We claim that the answer is all $a \ge 2019.$ Call a positive integer $n$ $\mathbf{good}$ if $2019 | s_{4038}(n)$, where $s_{4038}(n)$ denotes the sum of the digits of $n$ in base-$4038.$ Firstly, we'll show that all $a < 2019$ do not work. It's trivial that $a \le 0$ don't work, so suppose that $0 < a < 2019$ is a real number. Assume, for contradiction, that there existed such a sequence as given above. Then, there would exist a positive integer $C$ so that for all $m \in \mathbb{N}$, there are at least $\frac{m}{a} - C$ good integers in $[1, m].$ However, this is clearly bad since we can easily note that $[0, 4038^k-1]$ contains equal numbers of every residue class mod $2019$, in terms of the sums of digits of the numbers in $[0, 4038^k-1]$ in base $4038$, for all $k \in \mathbb{N}.$ Now, when $a \ge 2019$, we can simply take $a_1 = 1$, and then let $a_{2k}$ be the unique positive integer in $[4038k, 4038k+2018]$ which is good and $a_{2k+1}$ be the unique positive integer in $[4038k+2019, 4038k+4037]$ which is good for all $k \in \mathbb{N}.$ $\square$

The answer is all $a<2019$. We will call a positive integer good if its sum of digits in base $4038$ is divisble by $2019$, and bad otherwise.

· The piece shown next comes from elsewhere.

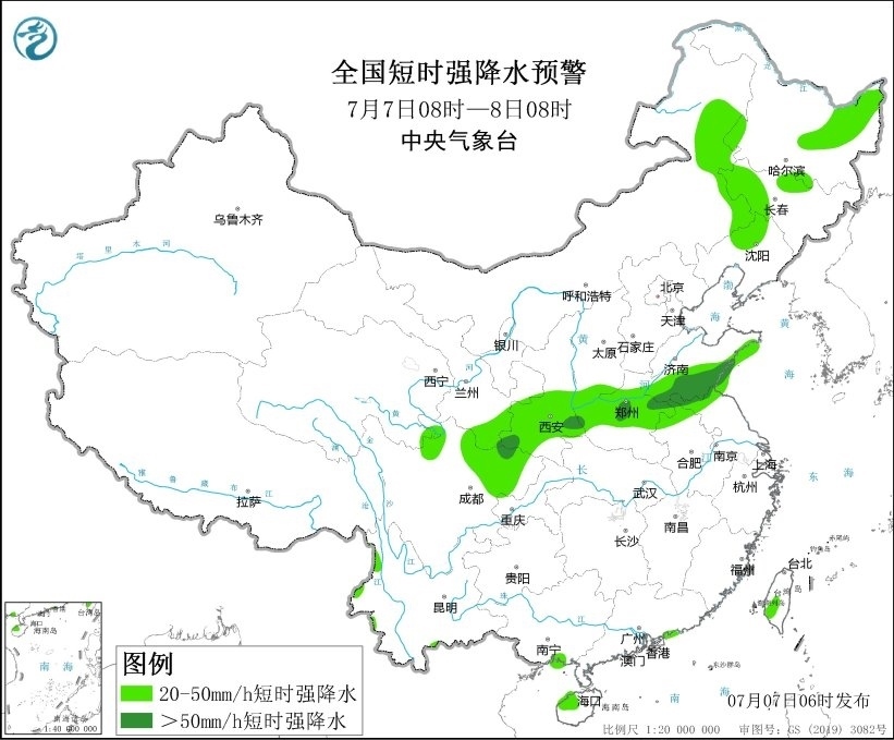 預(yù)計7月7日08時至8日08時,內(nèi)蒙古東北部、黑龍江東北部和西南部、吉林北部、青海東南部、甘肅東南部、陜西南部、山西西南部、山東南部、河南中部、安徽北部、江蘇北部、四川北部、重慶西部等地的部分地區(qū)將有8級以上雷暴大風(fēng)或冰雹天氣,其中,山東南部、河南東部、安徽北部、江蘇北部等地的部分地區(qū)將有10級以上雷暴大風(fēng),最大風(fēng)力可達(dá)11級以上;內(nèi)蒙古東部、黑龍江中東部、吉林中西部、遼寧北部、甘肅東南部、陜西中南部、山西南部、山東中南部、河南中北部、安徽北部、江蘇北部、四川北部、海南島西北部、臺灣島西南部等地的部分地區(qū)將有小時雨量大于20毫米的短時強(qiáng)降水天氣,其中,陜西東南部、山東南部、河南中部、江蘇北部、四川盆地西北部等地的部分地區(qū)將有小時雨量大于50毫米,最大可達(dá)70毫米以上。

Consider the intervals $$I_k=[4038k,4038k+4037]$$Obviously $I_1\setminus{0}$ contains $1$ good number which is $2019$. CLAIM 1. For all $k\geq 1$, $I_k$ contains exactly $2$ good numbers. Proof. Let $s(n)$ be the sum of digit of an integer $n$ in base $4038$. Let $s(k)$ be $S$, Suppose $a=4038k+b$ is an element of $I_k$. Then $$s(a)=S+s(b)=S+b$$Hence $b\equiv -S\pmod{2019}$, since $0\leq b\leq 4037$ there are exactly two possibilities. $\blacksquare$ Now, let $x_k,y_k$ be the two good integers in the interval $I_k$. Firstly we will construct a counter-example for $a=2019$. Indeed, it suffices to take $$1,2,2019,x_2,y_2,x_3,y_3,...$$ Now suppose $a<2019$. Let $f(n)$ be the number of good numbers less than or equal to $n$, and let $B(n)$ be the number of bad numbers among $a_1,a_2,...$. CLAIM 2. For every positive integer $k\geq 2$ we have $$f(4038k)<2k$$Proof. This easily follows from CLAIM 1. $\blacksquare$ Now, since $a_n\leq an$, there are at most $f(an)$ good numbers among $a_1,a_2,...,a_n$. Let $k$ be the integer such that $4038(k-1)\leq an\leq 4038k$, then we have $$B(n)\geq n-f(an)\geq n-f(4038k)>n-2k\geq n-\frac{an}{2019}-2=n\left(1-\frac{a}{2019}\right)-2$$Since $1-\frac{a}{2019}>0$ we have that $B(n)$ is unbounded, this completes the proof.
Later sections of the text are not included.